Fig. 1. Stochastic algorithm simulation for the substrate density S in the Michaelis–Menten reaction (1). The blue/broken solid curves are individual simulations. The green/smooth solid curves are the results of numerically integrating the deterministic differential equation. The red/plus sign symbols are the mean for the 2000 runs of the stochastic simulation and the red/dash line corresponds to the mean plus (or minus) one standard deviation. Initial conditions are: C=P=0. (a) Results for initial molecular populations S₀=100 and E₀=10. Three individual simulations are shown explicitly. (b) Results for initial molecular populations S₀=10 and E₀=1. One individual simulation is shown explicitly.

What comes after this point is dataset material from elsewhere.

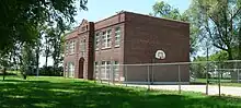 A flagpole is located outside the main entrance to the school building, and is included in the NRHP listing as a contributing feature. A set of gym bars, a tether ball pole, a swing set, a "slippery slide", and a merry-go-round are located on the south and west sides of the property, and are all listed as contributing features. A fenced tennis and basketball court is located on the north side of the property, and a large track and playing field are located on the west side of the property, but none of these features are included in the listing.[1]

Fig. 2. Mean results from 2000 runs of the stochastic algorithm simulating systems with varying molecular populations for the enzyme substrate complex C population in the Michaelis–Menten reaction (1). The green/smooth solid line is the numerical solution for the deterministic differential equations. The total number of molecules in the simulation increases from 10 molecules (cyan/broken solid curve), 110 molecules (blue/dash curve) to 1100 molecules (red/plus sign symbols). The initial molecular concentrations for the simulations are: S₀=0.10, E₀=0.01, C₀=P₀=0 molecules per unit volume.

Fig. 3. “Global S.D.’s” (i.e. the mean over the whole simulation time of the S.D. at each time-point) of molecular concentration data from 2000 runs of the stochastic algorithm for four different simulation volumes with equal initial molecular concentrations. Data for S (circle symbol) and P (cross symbol) are indistinguishable (blue/dash curve), as are data (red/solid curves) for C (circle symbol) and E (cross symbol).

Fig. 4. Benchmarking results for the stochastic simulations. We compared the simulation time (s) for the Gillespie algorithm simulations (blue/circle symbols), two-dimensional (green/plus sign symbols) and a three-dimensional (red/triangle symbols) lattice gas algorithms. (a) Average simulation time in seconds for various sizes of the simulation environment. (b) Average simulation time in seconds as a function of obstacle density, θ, for the lattice gas simulations.